Data integrity checks, filter validation, and the 20-point audit that ensures your analytics are reliable.
Why You Audit the Data Before You Touch the Marketing
Every marketing decision downstream of analytics inherits the quality of the analytics. If your conversion count is inflated by duplicate tags, your cost per lead looks better than it is and you scale a campaign that loses money. If your form tracking quietly broke during the last site update, your best channel looks dead and you cut it. We have seen both happen, and in both cases the marketing wasn’t the problem — the measurement was.
That’s why an analytics audit comes before any optimization work, not after. There is no point A/B testing landing pages against a conversion event that double-fires, and no point reallocating budget using attribution data that assigns half your revenue to “direct” because UTM tags are missing.
The audit described here is the one we run on every new account. It’s roughly twenty checks grouped into eight passes, ordered the way errors actually propagate: tags have to fire before events exist, events have to be defined correctly before conversions mean anything, and conversions have to be attributed correctly before channel reports can be trusted. Audit in that order and each pass validates the foundation the next one stands on.
One framing rule before we start: the goal is not perfect data.

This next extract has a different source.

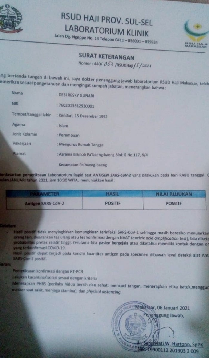 Surat keterangan tertanggal 06 Januari 2021 yang ditandatangani dr Saraswati W. Hartono selaku Penanggung Jawab Laboratorium Klinik RSUD Haji Provinsi Sulsel, diakui sumber itu sudah dikonfirmasikan oleh beberapa korban penipuan ke pihak RSUD Haji Provinsi Sulsel yang kemudian membantah kebenaran surat keterangan tersebut. (tim)

Perfect data doesn’t exist in a world of ad blockers, consent banners, and cross-device journeys. The goal is data that is consistently wrong in known ways — because a measurement that undercounts by a stable margin is still useful for decisions, while a measurement that’s wrong in unknown, shifting ways is worse than no measurement at all.
Pass One: Tag Coverage and Duplicate Firing
The first pass answers two questions: does the tag fire on every page, and does it fire exactly once?
Coverage first. Crawl the site, or at minimum walk the templates — homepage, service or product pages, blog, checkout or contact flow, thank-you pages — with browser developer tools or a tag inspection extension open, and confirm the GA4 tag fires on each. The gaps are predictable: landing pages built in a separate tool that never got the container, subdomains added after the original setup, a checkout hosted on a third-party platform, or a new template that shipped without the tag manager snippet. Every untagged page is a hole in the journey, and holes in the middle of a journey do double damage — they break sessions in two and inflate your entrance and exit numbers on the surrounding pages.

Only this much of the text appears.